Warm capacity costs money even when idle.
Over-provisioning can waste budget.

Real-world examples (architecture only)

Sale launch -> Pre-warm functions -> Smooth checkout.
Traffic spike -> Queue buffer -> Slow but stable processing.

Reserved vs. Throttled Concurrency

Account-Level Limit

Default: 1,000 concurrent executions per region
Can be increased with AWS support

Reserved Concurrency

Reserve capacity for critical functions:

CriticalAPI:
  Type: AWS::Serverless::Function
  Properties:
    ReservedConcurrentExecutions: 500  # Always available

Other functions share remaining capacity.

Provisioned Concurrency

Keep instances warmed and ready (eliminates cold starts):

CriticalAPI:
  Type: AWS::Serverless::Function
  Properties:
    ProvisionedConcurrentExecutions: 100  # 100 warm
    ReservedConcurrentExecutions: 500     # Up to 500 total

Cost: ~$0.0000150/hour per provisioned unit.

Cold Starts

First invocation is slow because AWS must:

Allocate compute
Start runtime
Load code
Execute handler

Duration by Runtime

Runtime	Cold Start
Python	300-500ms
Java	1000-2000ms
.NET	500-1000ms

Subsequent invocations: < 50ms

Minimize Cold Starts

1. Optimize code bundle:

# Check size
du -h function.zip

# Install only needed deps into a build folder
python -m pip install -r requirements.txt -t build

# Zip minimal package
cd build && zip -r ../function.zip . && cd ..

2. Use Python:

Java has larger cold start.

3. Lazy load imports:

# ❌ Slow
import boto3
import requests

# ✅ Fast
def handler(event, context):
    import boto3
    import requests
    # Use AWS SDK and HTTP client here

4. Use Provisioned Concurrency:

For APIs where 100ms matters, use Provisioned Concurrency.

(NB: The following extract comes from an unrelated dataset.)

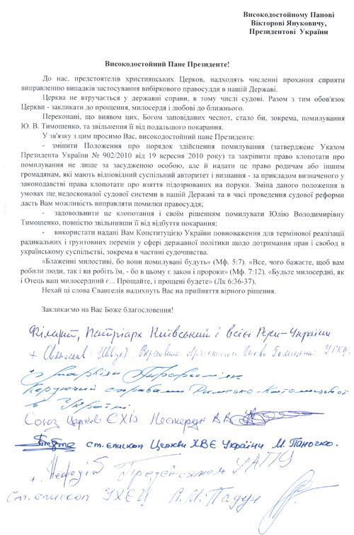 Это следует из обнародованного на сайте БЮТ текста письма, под которым подписались глава Украинской православной церкви Киевского патриархата Филарет, глава Греко-католической церкви Святослав Шевчук, управляющий делами Римско-католической церкви Маркиян Трофимьяк и другие представители христианских церквей.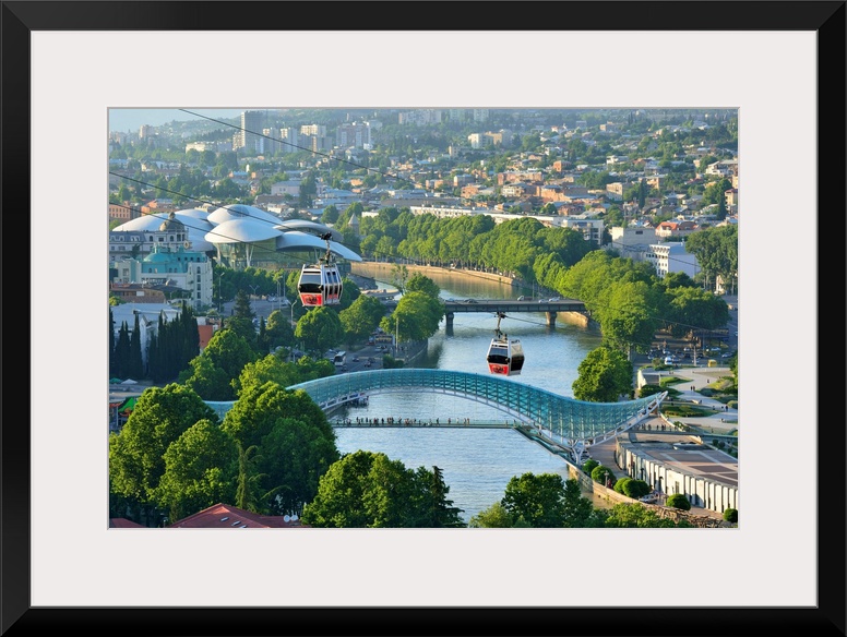 <p>Bridge of Peace and the Mtkvari river. The famous Cable Car above. Tbilisi, Georgia. Caucasus.</p>

Cost vs. benefit: $100/month to eliminate cold starts.

Throttling

When concurrent executions exceed limit, new invocations are throttled.

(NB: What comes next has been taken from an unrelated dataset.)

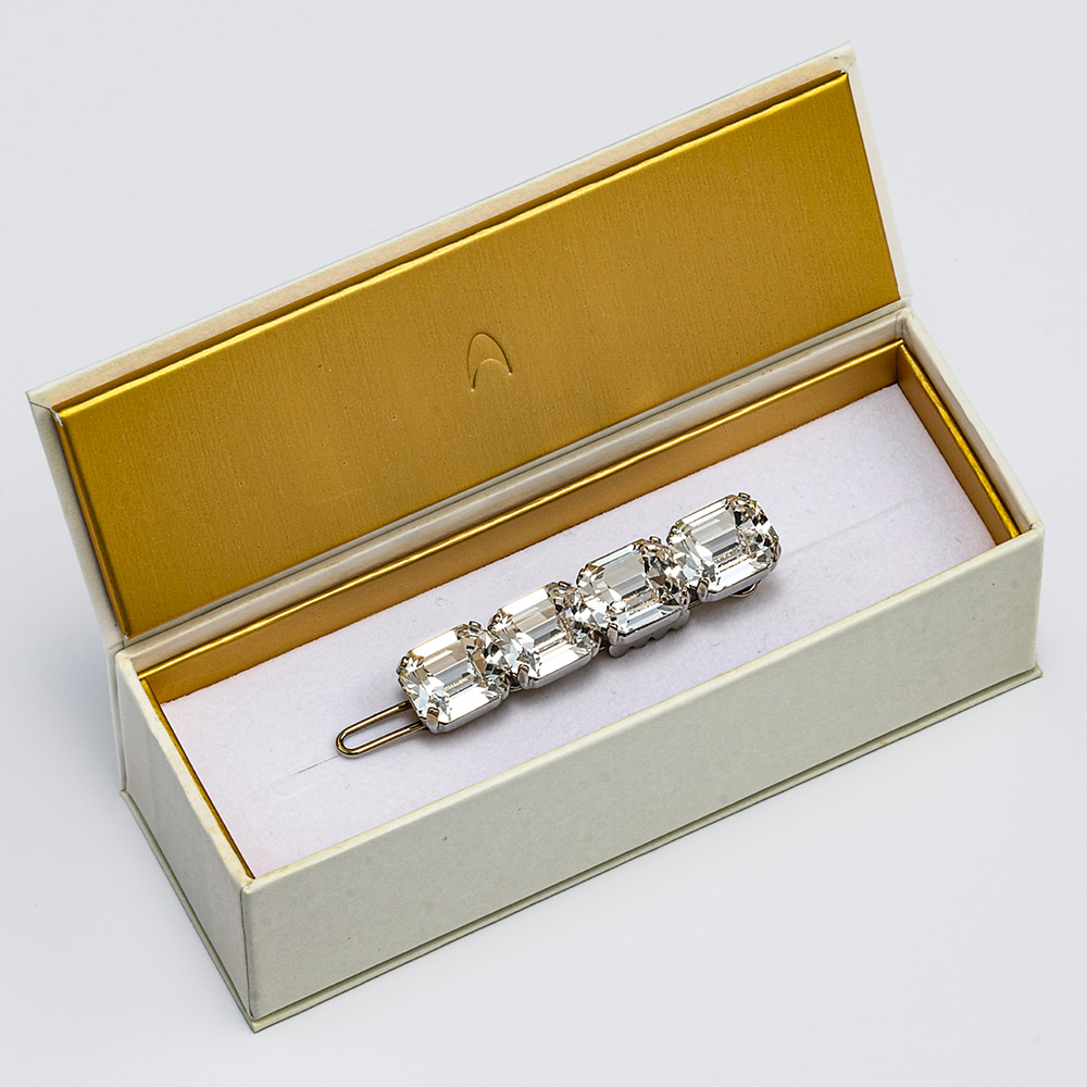 「HOLIDAY COLLECTION2025」美しいスクエアシェイブのクリスタルが光を放つ、ヘアピン。過度な装飾を削ぎ落としたシャープさの中に愛らしさを宿したデザインで、モードな雰囲気を演出。ヘアアレンジやその日のスタイリングでベストなものをセレクトできるよう、ミニ、スモール、ロングの3サイズ。スモールサイズは、5.5cmとバランスの良い長さで、ホリデーシーズンの様々なスタイルをドレスアップしてくれる。HOLIDAY COLLECTIONのためだけに作られた専用プレミアムボックス付きで、大切な方への贈りものにおすすめです。

Sync Invocations (API Gateway)

Throttled invocation returns 429:

Throttling flow

Throttled invocations are retried automatically (up to 2 times).

Then sent to DLQ if failures persist.

Handling Bursty Traffic

Before Optimization

Black Friday surge:

100 req/sec → 1,000 req/sec suddenly
Cold starts spike latency
Some requests throttled
5% error rate

After Optimization

Same surge:

Provisioned Concurrency: 100 warm
Handles first 100 instantly
Auto-scales remaining
0% error rate

Connection Pooling

Reuse connections to avoid setup overhead:

# ❌ Bad: New connection per request
def handler(event, context):
  conn = db.connect()
  result = conn.query("SELECT ...")
  conn.close()
  return result


# ✅ Good: Reuse connection
_conn = None


def get_connection():
  global _conn
  if _conn is None:
    _conn = db.connect()
  return _conn


def handler(event, context):
  conn = get_connection()
  result = conn.query("SELECT ...")
  return result

Connection persists across warm invocations (huge speedup).

Database Connection Limits

High concurrency means many Lambda instances = many DB connections.

Problem

1,000 Lambda instances × 1 connection each = 1,000 DB connections

Most databases support only 100-500 connections per user.

Solution: RDS Proxy

Maintain limited pool of connections to RDS:

1,000 Lambda instances
↓
         RDS Proxy (100 connections)
↓
Database (handles efficiently)

RDS Proxy multiplexes connections, acts as buffer.

Setup

DBProxy:
  Type: AWS::RDS::DBProxy
  Properties:
    DBProxyName: my-proxy
    EngineFamily: MYSQL
    RoleArn: !GetAtt ProxyRole.Arn
    TargetGroupConfig:
      DBInstanceIdentifiers:
        - !GetAtt MyDatabase.DBInstanceIdentifier

Lambda:
  Environment:
    Variables:
      DB_HOST: !GetAtt DBProxy.Endpoint

DynamoDB Auto-Scaling

DynamoDB auto-scales to handle concurrency, but respect throughput limits.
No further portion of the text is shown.